Should I put up signs on the street corners, saying "lost: Patience, if found please return to owner". It amazes me how stressful life is without this one little virtue can be. Are any virtues really small? After meeting with the therapist last night, I realized even more how much off track I really am. I feel like I have been run over by a bus, emotionally, mentally and physically. And with work, definitely thrown under a bus there. K (the therapist) was really kind, and did not push me for a lot yesterday, which was good as I had nothing to give. After she left I had to feed the kids, bathe them, and wait for the dog to be done at the groomers. Which means I could not put the boys down until I loaded them up in the car, in their pj's and got the dog and drove back.
We got back around 8:30 (they are normally in bed by 7ish) and as I was entering the house the phone was ringing, and it was E. He was in a complete panic. He was unable to reach me for about 30 mins, since I just flew out the door I did not bring my cell phone.
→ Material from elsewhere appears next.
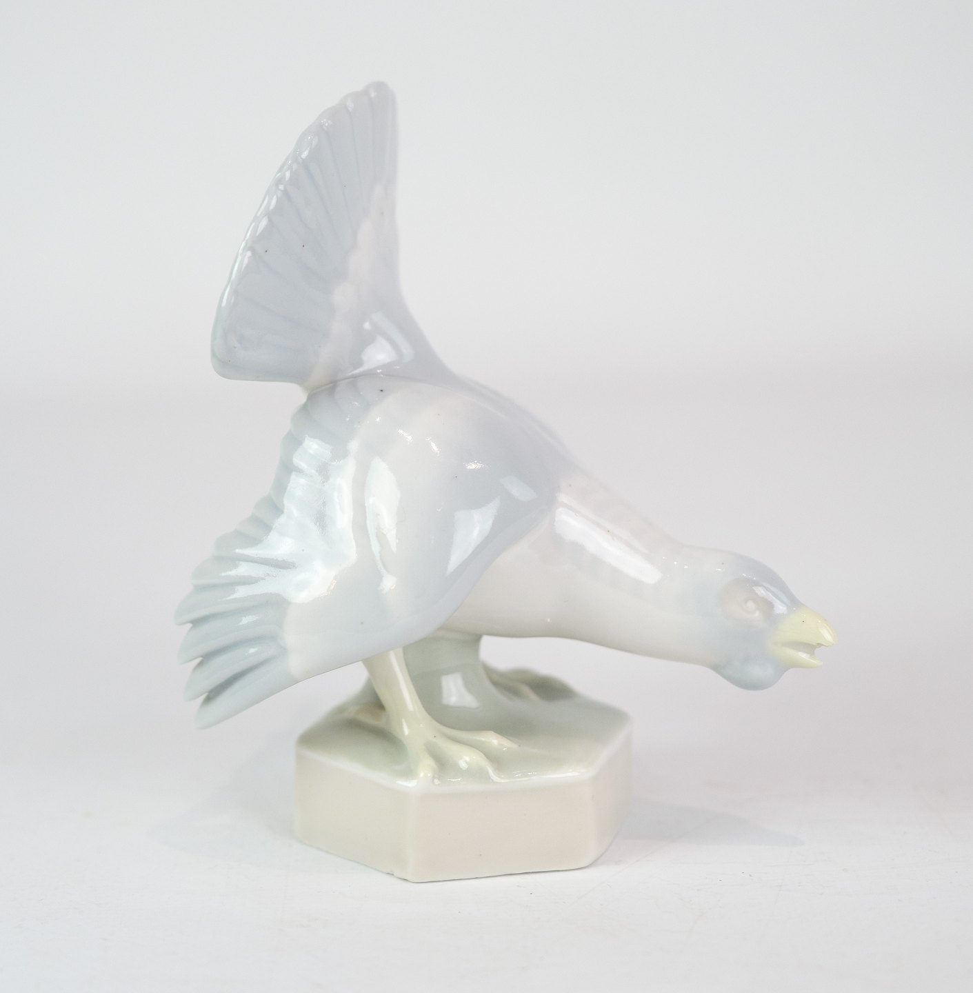 Figur af porcelæn med motiv af en rovfugl på vej til at flyve efter sit bytte.

I thought of it on the way back, that I had hoped he didn't try to call, as I know he would panic. Which he did. He always goes to the worst case scenario, like someone broke into the house, and killed us all. He was completely freaked out, and said the next call was going to be 911. A little to the extreme, but I understand, sort of. I promised I would be more diligent about taking my cell phone with me.
Work was pretty busy, as it is quite apparent to me that they want all the projects I work on brought to completion before I leave. Although they have no idea I know, only my closest friends know, it seems funny to me that they are trying to work me to the bone to get it all done. I really do not think they have thought letting me go all the way through. The repercussions on the group is going to be huge. I am the only technical person in our group, and currently I am the go to gal for all tech needs in our group. All of that will end as soon as I come out the back end of the bus that I have been thrown under. It cannot fall upon my coworker as she does not have the skill set, she does a completely different job than what I do. We work great as a team, but individually we have different jobs. This group is in for a big eye opener once I am no longer around to call when things don't work. Oh well.... they took away my company cell phone last month, and I refuse to give them my new one. Not on my dime. If you cannot reach me at my home office, oh well. Leave a message.
Well off I go to work a job, I no longer have.... motivation is in short supply these days, for a lot of things. Still looking for my patience, if you do find it .... please be so kind as to return it.... I think I need it desperately.